# Welches Laufrad für 3 1/2-Jährige? Oder doch nur Fahrrad?



## EvaM (11. Dezember 2014)

Hallo zusammen,
ich bin neu hier und auf dieses Forum gestoßen, weil ich ein neues Laufrad für meine Tochter suche. Habe schon einiges gelesen, kenne mich mit Fahrrädern aber sehr wenig aus.
Meine Tochter wird demnächst 3 1/2 (Größe vermutlich bei ca. 105 cm, evtl + 2 cm, Schritthöhe mit Schuhen 44, 5 cm) und hat schon länger ein kleines günstiges Laufrad von Decathlon, damals mit 2 J. für den Kindergarten_Eintritt als schnelle Lösung gekauft, in der Absicht noch ein "gutes" zu besorgen.
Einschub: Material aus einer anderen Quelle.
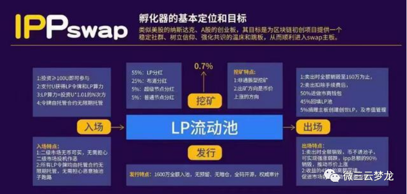 “ippswap”是一个基于区块链技术的孵化器平台,它的目标是为优秀的项目提供流量、社群、共识和资金的支持,从而为项目顺利进入Swap主板奠定坚实基础。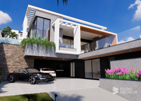 Sobrado contemporâneo localizado em um terreno em declive, evidenciado com suas linhas retas e revestimentos em pedra. Sua fachada...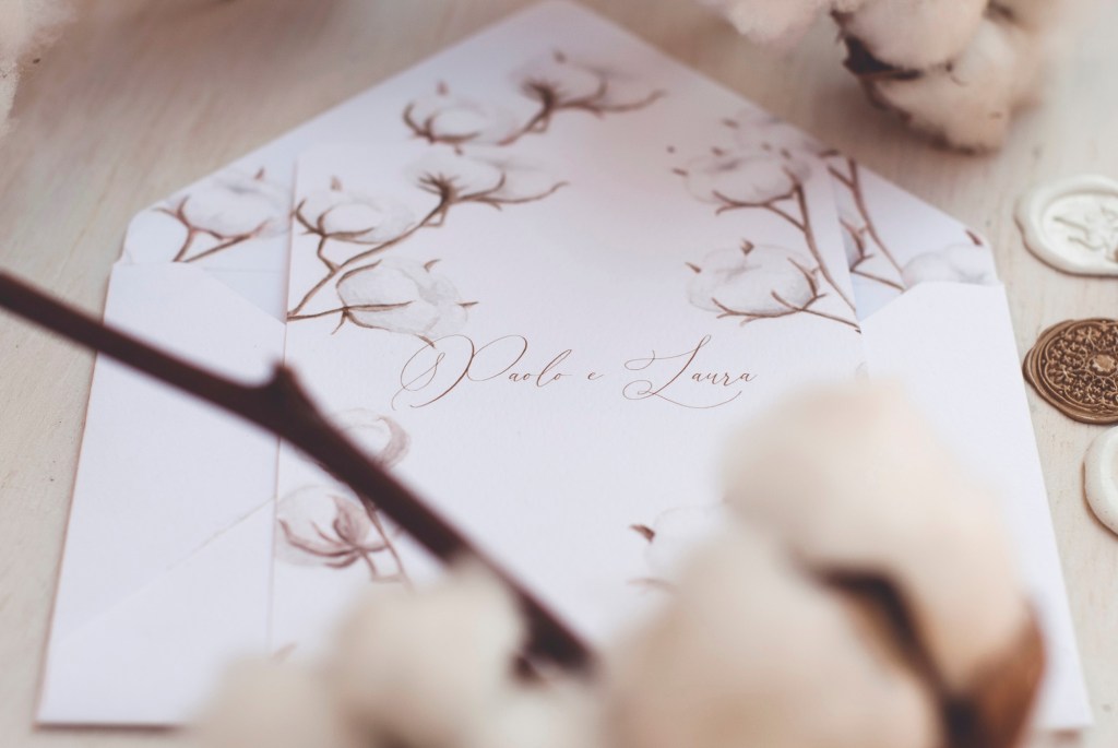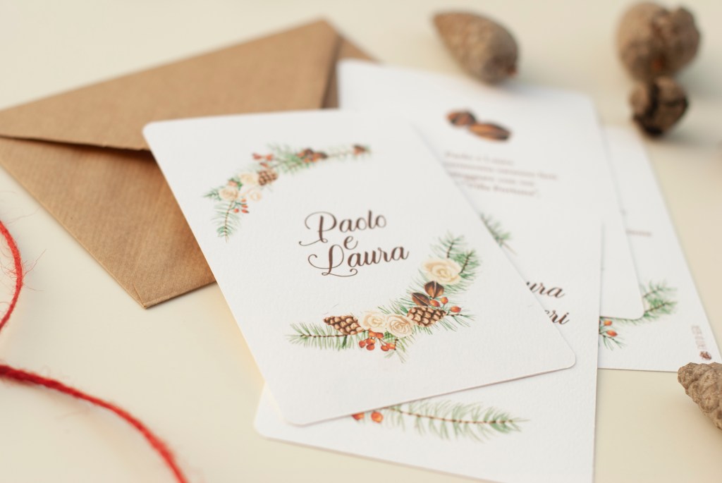 Negli ultimi anni però stiamo assistendo alla comparizione di una nuova tendenza: finalmente iniziano a diffondersi e a essere apprezzati anche i matrimoni autunnali e invernali! Effettivamente avevo trascurato le coppie che si sposano in autunno e inverno o nel periodo natalizio, quindi ho rimediato creando una piccola sezione di temi botanici invernali dipingendo pigne, rami d’abete, noci e bacche, fiori di cotone oppure con cristalli di ghiaccio. Inoltre sono adatti alle stagioni fredde anche alcuni temi “neutri” come il toile de joy e i soffioni di tarassaco. E a te piacciono i matrimoni invernali?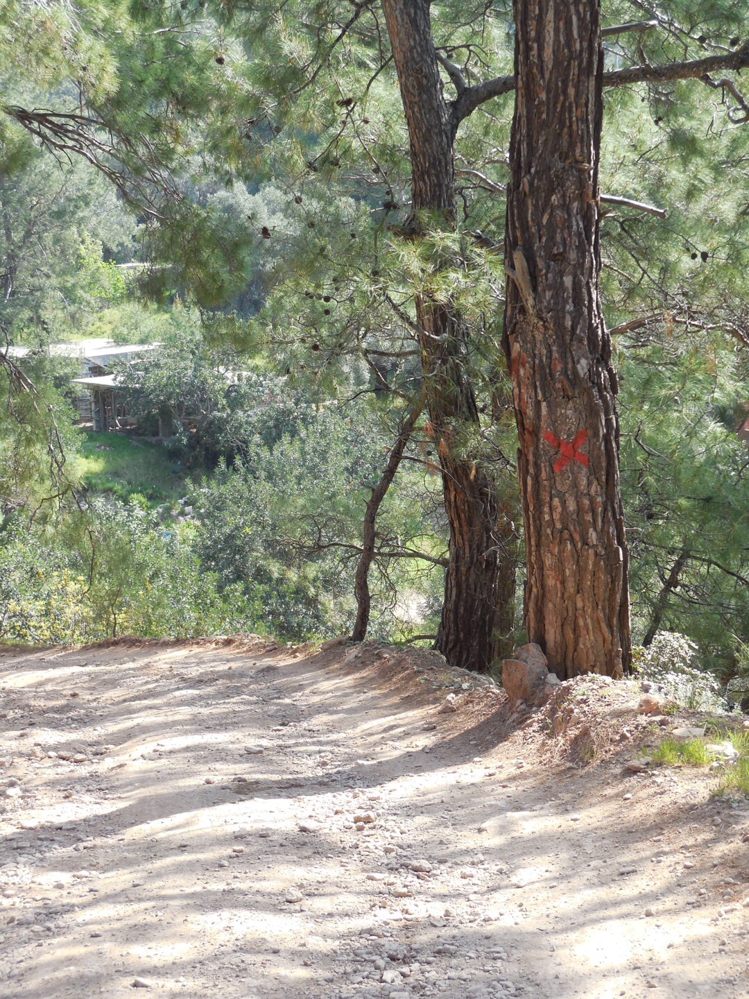 Red crosses painted on trees tell us that once again roads shall not suffice where rougher trails beckon.

Bisher kam ich aber nicht dazu. Seit einiger Zeit fährt sie nun gerne und relativ wild damit Hügel herunter und gerne auch  in einem Skatepark über alle möglichen Hindernisse/Halfpipes. Dabei habe ich jetzt kein gutes Gefühl mehr, da mir das Laufrad doch recht klapprig vorkommt. Ausserdem ist das Lenkrad mit einem Schnellspannverschluss befestigt, so dass es sich bei jedem heftigeren Sturz verdreht. Also dachte ich, es wäre endlich an der Zeit ein ordentliches Laufrad zu kaufen. Ursprünglich dachte ich an ein Kokua jumper, das gibt es aber hier in der Umgebung nicht zum Probefahren. Bei einem Händler habe ich ein early rider road runner 14 gesehen:  http://liferbikes.myshopify.com/products/alley-runner-14-road . Hat jemand Erfahrung mit den beiden Laufrädern und kann beurteilen, ob die Investition noch Sinn macht? Ich denke, dass sie damit besser und sicherer wird fahren können (und mit mehr Fahrspass), weiss aber nicht, wie lange sie das überhaupt noch nutzen würde. Sie ist ja recht groß. Wobei jetzt schon komplett auf Fahrrad umsteigen? Die Einsatztgebiete sind ja auch unterschiedlich, damit könnte sie ja vermutlich schlecht im Skatepark fahren.
Was denkt ihr?


Schöne Grüße und vielen Dank,
Eva


----------



## bernd e (11. Dezember 2014)

Meine Tochter hatte, da schon immer recht klein für ihr Alter, zu Beginn ein 10" Puky Laufrad. Als sie die nötige Größe hatte, sind wir auf ein 14" BMW Kidsbike umgestiegen. Das kann man als Lauf- als auch Fahrrad verwenden. Damit habe wir den Übergang zum Fahrrad geübt. Als sie dan groß genug war, kam die Treteinheit ans BMW und seit dem fährt sie Rad. Wenn ich mich recht erinnere, war sie damals um die 3,5 / 4 Jahre. Erstaunlich ist, wie gern sie das an ihre Schwester vererbte kleine Puky fährt (wenn sie mal darf  ).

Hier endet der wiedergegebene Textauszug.